#### [Brief]
As an exercise in exact copying, transcribe the lines below from the one holding "y equidad |" through the last, with both ends included and pictures left out.

#### [Information supplied]
•••

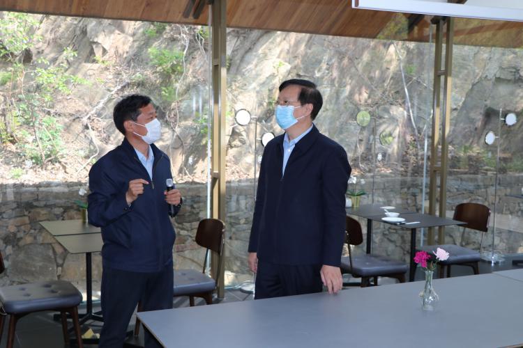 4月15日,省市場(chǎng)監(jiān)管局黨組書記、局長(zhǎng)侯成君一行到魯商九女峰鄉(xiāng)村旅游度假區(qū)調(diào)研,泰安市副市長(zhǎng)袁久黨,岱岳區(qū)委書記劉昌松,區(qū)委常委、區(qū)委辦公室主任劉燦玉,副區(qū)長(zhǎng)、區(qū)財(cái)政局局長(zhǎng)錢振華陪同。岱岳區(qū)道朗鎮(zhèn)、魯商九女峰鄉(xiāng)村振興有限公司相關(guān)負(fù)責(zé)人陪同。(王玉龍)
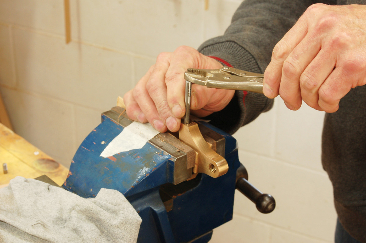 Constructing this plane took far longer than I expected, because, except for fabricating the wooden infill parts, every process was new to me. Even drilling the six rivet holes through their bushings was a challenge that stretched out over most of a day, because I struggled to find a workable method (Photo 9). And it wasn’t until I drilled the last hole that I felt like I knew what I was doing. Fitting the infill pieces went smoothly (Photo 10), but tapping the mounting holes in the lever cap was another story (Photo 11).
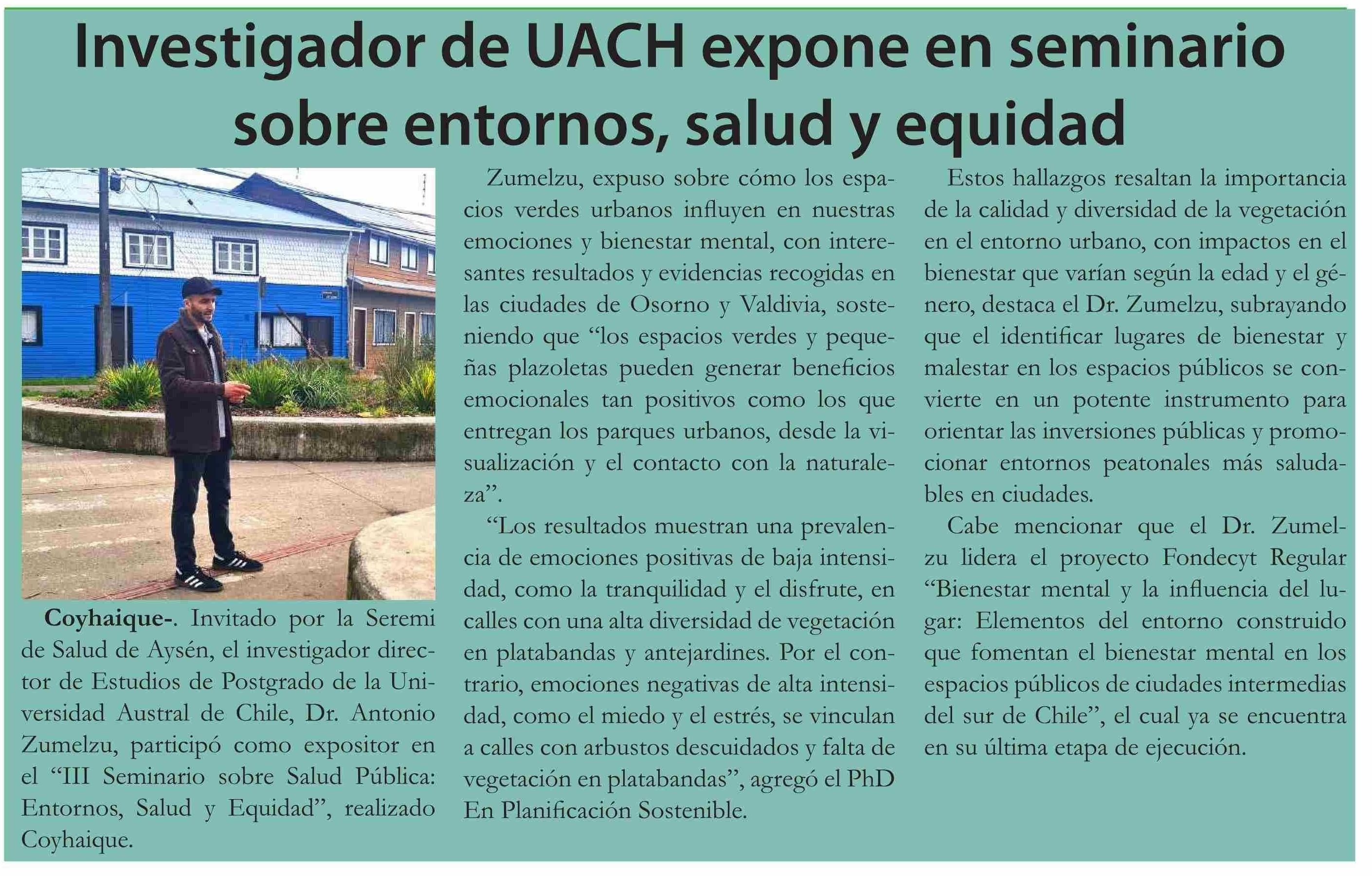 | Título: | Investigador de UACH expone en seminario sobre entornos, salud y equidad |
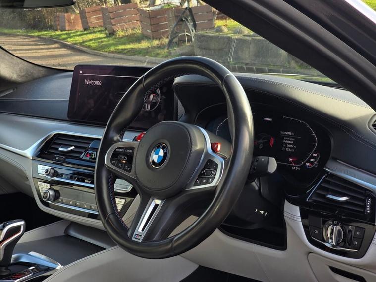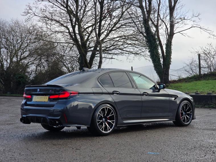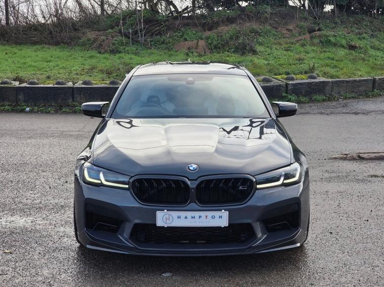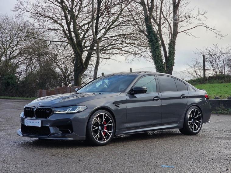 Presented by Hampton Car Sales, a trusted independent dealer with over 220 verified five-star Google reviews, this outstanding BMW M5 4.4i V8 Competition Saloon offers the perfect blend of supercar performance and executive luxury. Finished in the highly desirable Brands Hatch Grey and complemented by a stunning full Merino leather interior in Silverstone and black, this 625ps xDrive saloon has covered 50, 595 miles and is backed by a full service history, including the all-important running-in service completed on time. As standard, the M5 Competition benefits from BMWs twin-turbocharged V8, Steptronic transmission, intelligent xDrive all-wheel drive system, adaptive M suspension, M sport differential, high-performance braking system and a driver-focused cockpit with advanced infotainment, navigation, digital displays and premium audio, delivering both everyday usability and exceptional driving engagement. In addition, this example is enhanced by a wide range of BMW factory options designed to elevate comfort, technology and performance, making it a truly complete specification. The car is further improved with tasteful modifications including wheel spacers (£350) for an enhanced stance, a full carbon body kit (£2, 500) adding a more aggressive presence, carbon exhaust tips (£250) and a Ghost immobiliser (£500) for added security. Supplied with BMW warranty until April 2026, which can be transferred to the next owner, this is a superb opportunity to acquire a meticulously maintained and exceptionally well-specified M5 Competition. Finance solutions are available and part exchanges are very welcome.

•••

#### [Your response]
 | Título: | Investigador de UACH expone en seminario sobre entornos, salud y equidad |
 Presented by Hampton Car Sales, a trusted independent dealer with over 220 verified five-star Google reviews, this outstanding BMW M5 4.4i V8 Competition Saloon offers the perfect blend of supercar performance and executive luxury. Finished in the highly desirable Brands Hatch Grey and complemented by a stunning full Merino leather interior in Silverstone and black, this 625ps xDrive saloon has covered 50, 595 miles and is backed by a full service history, including the all-important running-in service completed on time. As standard, the M5 Competition benefits from BMWs twin-turbocharged V8, Steptronic transmission, intelligent xDrive all-wheel drive system, adaptive M suspension, M sport differential, high-performance braking system and a driver-focused cockpit with advanced infotainment, navigation, digital displays and premium audio, delivering both everyday usability and exceptional driving engagement. In addition, this example is enhanced by a wide range of BMW factory options designed to elevate comfort, technology and performance, making it a truly complete specification. The car is further improved with tasteful modifications including wheel spacers (£350) for an enhanced stance, a full carbon body kit (£2, 500) adding a more aggressive presence, carbon exhaust tips (£250) and a Ghost immobiliser (£500) for added security. Supplied with BMW warranty until April 2026, which can be transferred to the next owner, this is a superb opportunity to acquire a meticulously maintained and exceptionally well-specified M5 Competition. Finance solutions are available and part exchanges are very welcome.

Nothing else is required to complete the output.